It’s nice that this is here.
Retreat has ended and Daddy & I were intent about bringing Carmel home this time, what we learned, what we’re committed to. So, we brought you to see Jesus, our Holy Friend in the Holy Eucharist.
What I had to say about Father Earley’s talks with us really doesn’t do him justice, but I’m glad we were able to start presenting the ideas from our retreat. It felt like a continuation, really. We’d spoken of Father Earley all those years ago, and in a way, our lives got interrupted when he left us back then, too. But, now he’s back and we’ve picked up right where we left off.
Kids, that is a true definition of friendship: wherever there is divine love, an intimate sharing of hearts rooted in God, His Beauty, His Goodness, His Truth, there is true friendship. When you can pick up where you left off, you’re picking up from the Truth of your Divine Love, from the Truth of your friendship. This is how it is for me and your father and Father Earley. May we be blessed with his presence for as long as possible, if it is God’s Holy Will..
When I say “we,” I mean all of us.
From now on, I’ll be sharing everything of what we learn, whether you guys are ready for it or not. I’m a teacher — how can I not interpret what we’ve learned in Carmel for your wee little listening, your wee little hearts and your wee little spirits?
Hence, igniting this blog.
I’m not interested in going back to the way things were. This weekend, I repented. I asked for forgiveness of offending Him by running away, hiding, playing and fettering my time away with distractions instead of following after Him, in whatever it has been that He has wanted to show me. Several weeks ago, when I was in Holy Adoration, I was inspired to ask for the graces I had lost throughout my lifetime, for everything I had lost because of my negligence, ignorance, laziness, whatever fault. In a moment, I just wanted it all back. I didn’t want to fail God and hurt Him anymore. Me. Just me. Not, the world hurts Him, so I don’t want to add to it.

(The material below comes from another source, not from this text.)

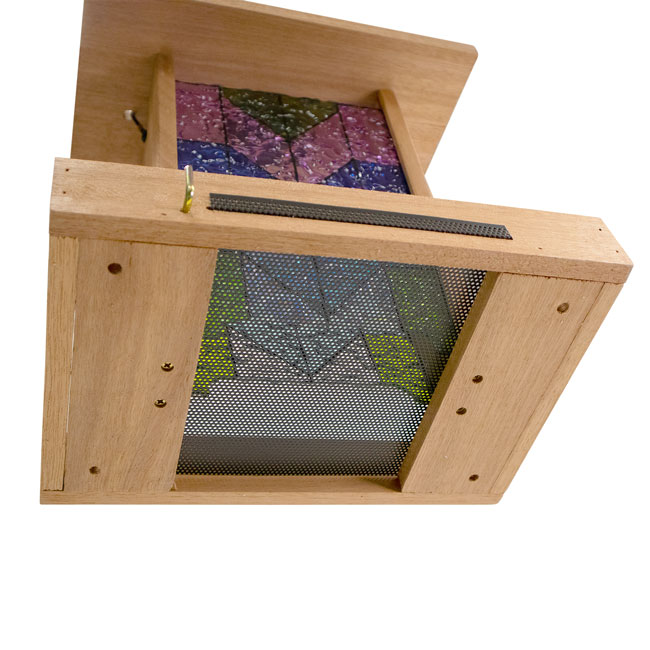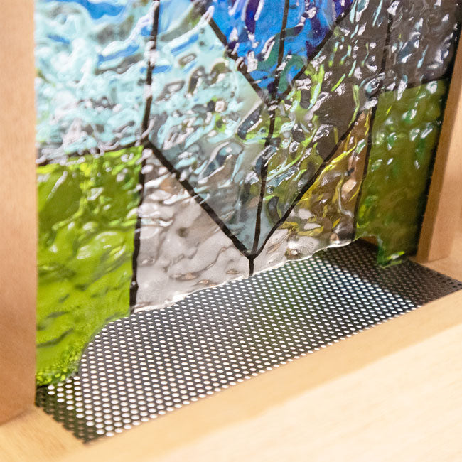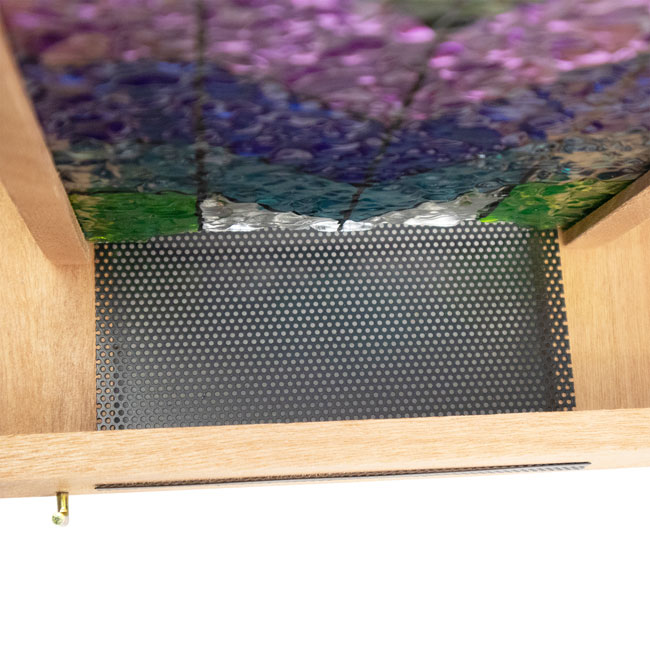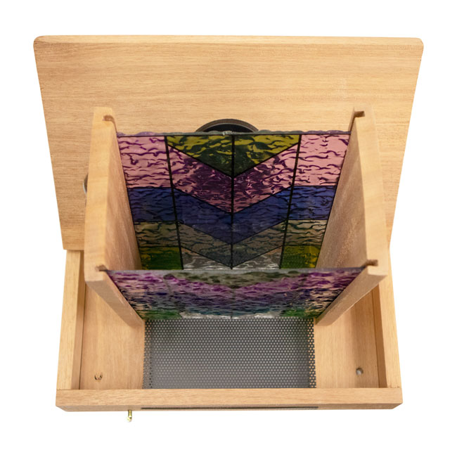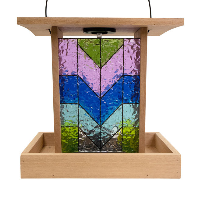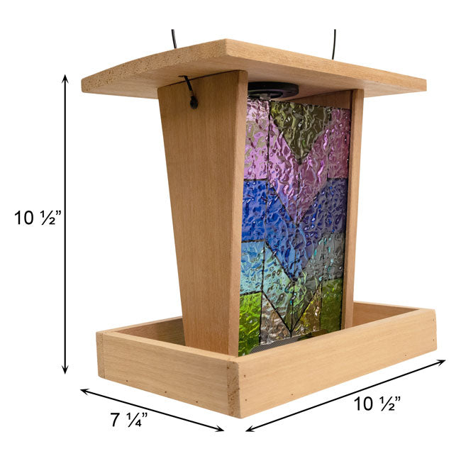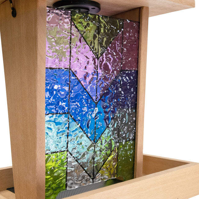 - Brilliant, stained glass panels provide color on both sides of the seed hopper, for maximum beauty

I am cause enough for Christ’s suffering on the Cross, because I know He would have done it just for me if I was the only one He was intent on saving.

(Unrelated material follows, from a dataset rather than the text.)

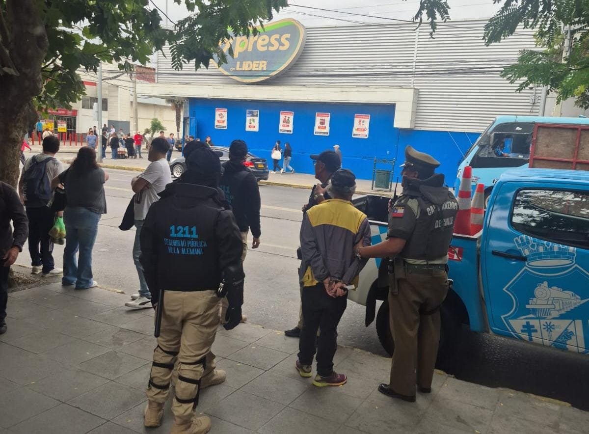 Un nuevo operativo de Seguridad Pública de Villa Alemana terminó con la retención de un sujeto que vendía artículos robados en pleno centro de la ciudad. El hecho ocurrió durante la tarde de este lunes, a las afueras del Supermercado Santa Isabel de Avenida Valparaíso, donde el individuo fue sorprendido ofreciendo productos sustraídos recientemente.

I didn’t want to hurt Him anymore. It began there.
I wanted to amend my life and change the course of my History. I wanted to get back on the road of becoming a saint.
This weekend was the tail end of that resolution. I sought forgiveness for the harm I’d caused Him.. and even that has roots in asking for forgiveness from other people in my life. It’s a grace how I’ve been faithful to that inspiration of humility, see where it has led me. It started with one person (your Dad), then another, until finally it was brought to it’s natural conclusion: Our Dear God.
Jesus has shown me this path. It has been Him all along, I know this. Father Earley has shown this to me, and now it’s time for me to write this down and show you the pathway, too.
I will continue to flesh out the conferences from the retreat this weekend here. I’ll compose some of my notes, some of what Father Earley said, some resources he offered.
I’ll reflect, I’ll pray, and I’ll leave everything in God’s hands. But, most importantly, I will follow the praying Jesus.. pray before, pray after, be with Him always.
Do the same as He does for the Glory of Our Father in heaven.